-- Opening Marker --
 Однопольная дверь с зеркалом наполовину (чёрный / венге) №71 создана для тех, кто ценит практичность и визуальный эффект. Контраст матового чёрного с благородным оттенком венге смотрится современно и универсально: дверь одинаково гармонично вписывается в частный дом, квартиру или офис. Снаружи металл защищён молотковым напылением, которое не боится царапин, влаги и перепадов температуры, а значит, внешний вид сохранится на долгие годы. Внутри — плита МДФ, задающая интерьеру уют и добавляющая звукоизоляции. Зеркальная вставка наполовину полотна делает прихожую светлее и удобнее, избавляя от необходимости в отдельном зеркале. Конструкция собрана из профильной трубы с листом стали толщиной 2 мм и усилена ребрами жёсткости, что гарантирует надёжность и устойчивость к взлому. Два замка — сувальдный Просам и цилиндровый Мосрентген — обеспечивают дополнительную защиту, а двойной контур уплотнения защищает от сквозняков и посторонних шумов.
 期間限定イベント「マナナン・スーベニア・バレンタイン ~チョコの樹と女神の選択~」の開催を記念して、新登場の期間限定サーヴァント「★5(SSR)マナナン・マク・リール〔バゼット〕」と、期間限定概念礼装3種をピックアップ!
-- Closing Marker --
-- Opening Marker --
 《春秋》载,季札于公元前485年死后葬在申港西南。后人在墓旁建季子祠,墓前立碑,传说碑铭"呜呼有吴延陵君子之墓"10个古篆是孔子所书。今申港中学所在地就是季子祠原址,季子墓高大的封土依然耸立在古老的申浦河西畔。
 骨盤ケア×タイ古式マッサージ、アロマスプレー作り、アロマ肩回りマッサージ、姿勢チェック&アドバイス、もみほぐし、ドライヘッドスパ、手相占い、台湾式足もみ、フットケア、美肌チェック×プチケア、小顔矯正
-- Closing Marker --
-- Opening Marker --
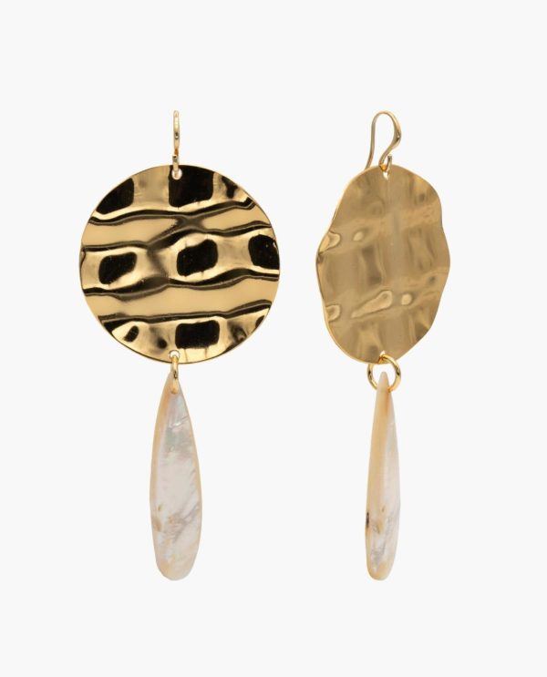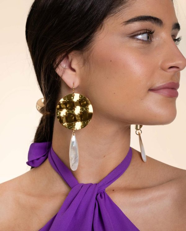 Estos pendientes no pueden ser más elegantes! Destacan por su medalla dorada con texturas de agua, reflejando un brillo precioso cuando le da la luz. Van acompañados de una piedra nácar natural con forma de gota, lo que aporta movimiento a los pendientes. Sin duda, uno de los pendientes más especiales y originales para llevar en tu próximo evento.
-- Closing Marker --
EXERCISE DESCRIPTION:
Here the output must be the lines above from the line with "Однопольная дверь с" to the line with "期間限定イベント「マナナン・", both included, duplicated word for word and nothing else.

EXERCISE RESULT:
 Однопольная дверь с зеркалом наполовину (чёрный / венге) №71 создана для тех, кто ценит практичность и визуальный эффект. Контраст матового чёрного с благородным оттенком венге смотрится современно и универсально: дверь одинаково гармонично вписывается в частный дом, квартиру или офис. Снаружи металл защищён молотковым напылением, которое не боится царапин, влаги и перепадов температуры, а значит, внешний вид сохранится на долгие годы. Внутри — плита МДФ, задающая интерьеру уют и добавляющая звукоизоляции. Зеркальная вставка наполовину полотна делает прихожую светлее и удобнее, избавляя от необходимости в отдельном зеркале. Конструкция собрана из профильной трубы с листом стали толщиной 2 мм и усилена ребрами жёсткости, что гарантирует надёжность и устойчивость к взлому. Два замка — сувальдный Просам и цилиндровый Мосрентген — обеспечивают дополнительную защиту, а двойной контур уплотнения защищает от сквозняков и посторонних шумов.
 期間限定イベント「マナナン・スーベニア・バレンタイン ~チョコの樹と女神の選択~」の開催を記念して、新登場の期間限定サーヴァント「★5(SSR)マナナン・マク・リール〔バゼット〕」と、期間限定概念礼装3種をピックアップ!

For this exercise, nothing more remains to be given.